Studies consistently find higher rates of autism in boys than girls. Currently, the male-to-female ratio for autism is estimated to be 3:1. This gender gap is narrowing (it used to be 4:1 or even slightly larger), and improvements in identifying autism in girls have led to research aiming to understand the disparity and to determine whether or not girls are being underdiagnosed. While the results are not yet definitive, the body of research that is starting to emerge is promising for early diagnosis in females, and that is invaluable. However, the gender gap is still prominent, which implicates genetics as the most likely cause of autism.

Early research on autism planted a seed for a male stereotype of the disorder and led to diagnostic procedures being largely male-biased, using male norms. In reality, females often present differently. They may have fewer repetitive behaviors, and their restricted interests may be more socially acceptable and therefore go unnoticed. They may also have a more socially appropriate communication style. With these social camouflaging traits, females are more likely to appear as if they are fitting in when they’re young, so it doesn’t raise a flag.

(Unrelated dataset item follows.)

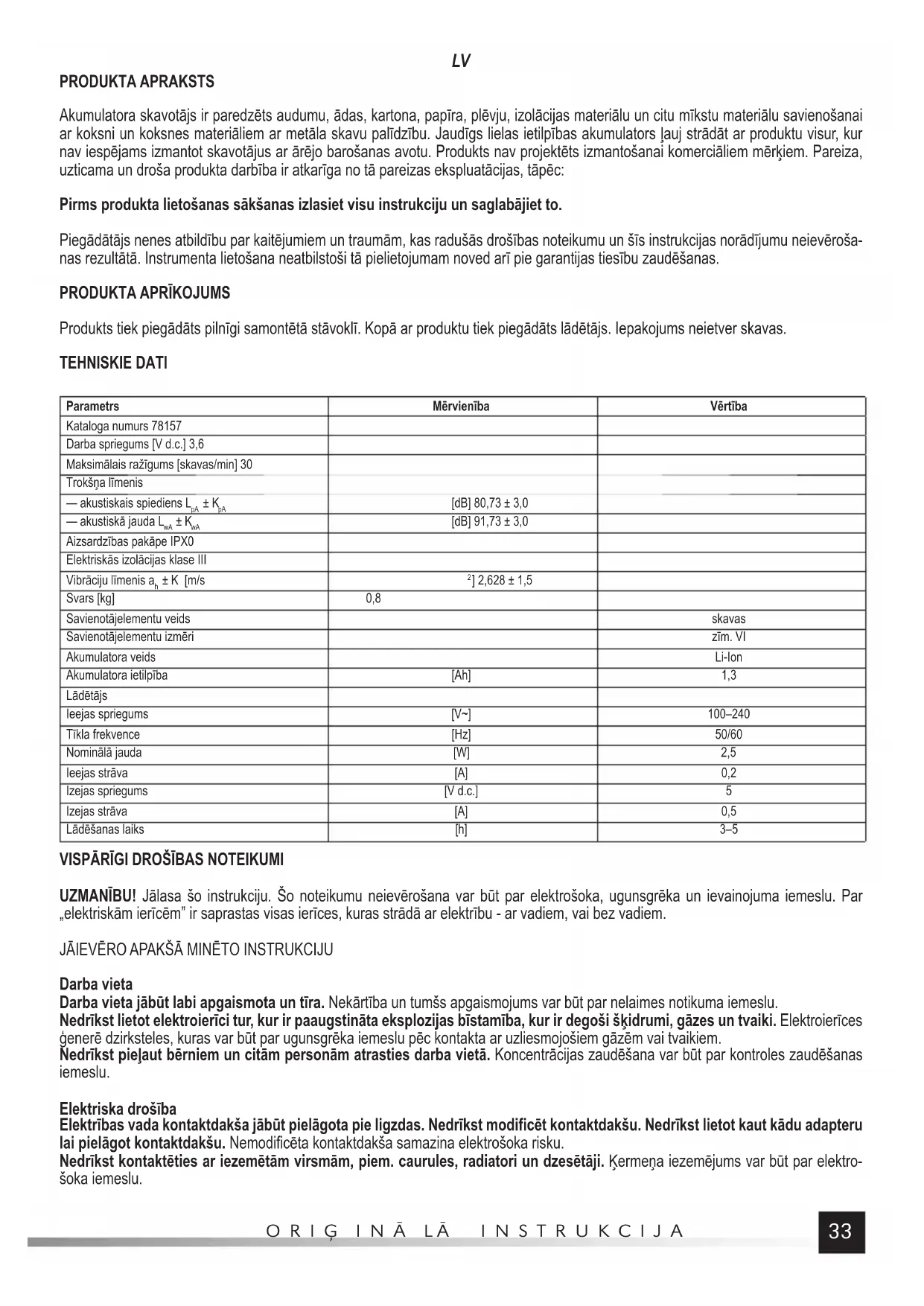 UZMANĪBU! Jālasa šo instrukciju. Šo noteikumu neievērošana var būt par elektrošoka, ugunsgrēka un ievainojuma iemeslu. Par „elektriskām ierīcēm” ir saprastas visas ierīces, kuras strādā ar elektrību - ar vadiem, vai bez vadiem. JĀIEVĒRO APAKŠĀ MINĒTO INSTRUKCIJU Darba vieta Darba vieta jābūt labi apgaismota un tīra. Nekārtība un tumšs apgaismojums var būt par nelaimes notikuma iemeslu. Nedrīkst lietot elektroierīci tur, kur ir paaugstināta eksplozijas bīstamība, kur ir degoši šķidrumi, gāzes un tvaiki. Elektroierīces ģenerē dzirksteles, kuras var būt par ugunsgrēka iemeslu pēc kontakta ar uzliesmojošiem gāzēm vai tvaikiem. Nedrīkst pieļaut bērniem un citām personām atrasties darba vietā. Koncentrācijas zaudēšana var būt par kontroles zaudēšanas iemeslu. Elektriska drošība Elektrības vada kontaktdakša jābūt pielāgota pie ligzdas. Nedrīkst modificēt kontaktdakšu. Nedrīkst lietot kaut kādu adapteru lai pielāgot kontaktdakšu. Nemodificēta kontaktdakša samazina elektrošoka risku. Nedrīkst kontaktēties ar iezemētām virsmām, piem. caurules, radiatori un dzesētāji. Ķermeņa iezemējums var būt par elektro- šoka iemeslu.LV

Common stereotypes and gendered expectations about females in general may help fuel the possibility of underdiagnosing girls. Females with autism often demonstrate some appropriate social skills. They may have good eye contact, develop language and gestures on time, and demonstrate social motivation, which can be misleading to parents and pediatricians. However, they may show subtle social differences, like making odd or too many social initiations, misreading social cues, and engaging in repetitive speech.

How have diagnostic criteria changed in the past 20 years?

Autistic disorder, Asperger’s disorder, and Pervasive Developmental Disorder (PDD) were three distinct developmental disorders with different diagnostic criteria, namely a lack of significant language delay in individuals with Asperger’s and an atypical onset or atypical presentation of autism associated with PDD. The division between these three developmental disorders often causes issues related to access to services as well as general care.

In 2013, the fifth edition of the Diagnostic and Statistical Manual of Mental Disorders (DSM-5) newly identified autism as autism spectrum disorder (ASD), folding all subcategories of the condition into one umbrella diagnosis. Autistic disorder, Asperger’s disorder, and PDD are no longer considered separate conditions.

Since our founding, SARRC has remained dedicated to conducting innovative research, providing evidence-based practices, disseminating effective training, and building inclusive communities for individuals with autism and their families.